Checar, checar e checar novamente. Foi apostando no cruzamento rigoroso de fontes oficiais diversas que os veículos tradicionais, segundo Alessandra, voltaram a figurar como importantes filtros para olhar nos olhos da pandemia. Assim é que, de repente, navegadores também se tornaram telespectadores. “Posso dizer que antes da crise sanitária meus alunos não se interessavam por programas de televisão. Mas todos agora estão assistindo aos noticiários, inclusive Jornal Nacional. Tudo porque, por trás deles, é possível detectar todo um cuidado para não só para propagar como para depurar a informação, buscando o máximo de clareza. Note-se, por exemplo, que até o fato de os repórteres estarem ou não de máscaras a cada entrada ao vivo ou no estúdio tem merecido explicação. É que o compromisso com a informação de qualidade parece ter se renovado, enquanto que o jornalismo como utilidade pública e prestação de serviço - e não como produto à venda – voltou a dar ibope”, ressalta a professora.

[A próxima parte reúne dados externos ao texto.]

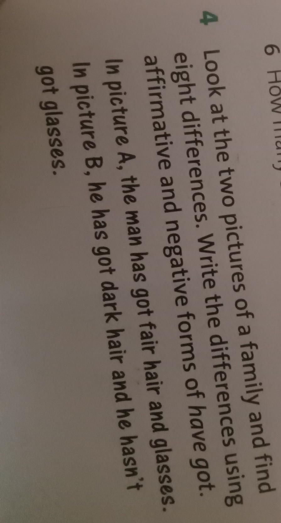 Look at the two pictures of a family and find eight differences.Write the differences using affirmative and negative forms of have got

Segundo Alessandra, ao invés da Big Data e seu imenso volume de dados, a mídia tradicional foi ter com o pequeno, o corriqueiro, a vida ordinária. “Achei muito bom quando o Jornal Nacional, por exemplo, passou a dar espaços generosos para histórias de gente comum, como a de um idoso que vivia num asilo e acabou morrendo em consequência da Covid-19. Esse é o foco do verdadeiro jornalismo, aquele que nasceu não só para esclarecer, mas também para transformar e melhorar a sociedade. Acho que o jornalismo passou a estar mais consciente dessa sua função original e, por isso mesmo, tornou-se essencial diante do aparecimento e recrudescimento da pandemia”, sublinha.
Para promover o debate e colocar múltiplas vozes em movimento foi ainda preciso coragem. “A importância de estar na rua, apesar de tudo, foi outra lição reaprendida pelo jornalista. Enquanto ninguém mais pode ir para a rua é dele a missão de ouvir as múltiplas vozes e mediar o debate público, restaurando inclusive o sentido de comunidade, aquele que se via ofuscado pela ideia de sociedade em rede. A pandemia reposiciona no mapa a importância do território ou dos grupos sociais territorialmente ligados. A vizinhança voltou à pauta e passamos a olhar de novo para a nossa rua, o nosso bairro, o nosso vizinho. Coube ao jornalismo, portanto, promover e cobrar compromisso e responsabilidade com o outro, instaurando um sentimento de cobrança social, mas no bom sentido. O recado é endereçado à coletividade: mais do que nunca, precisamos estar juntos. E a gente não vai conseguir vencer a tormenta se não estivermos juntos e cientes de que o que um faz implica na vida do próximo”, sustenta Alessandra.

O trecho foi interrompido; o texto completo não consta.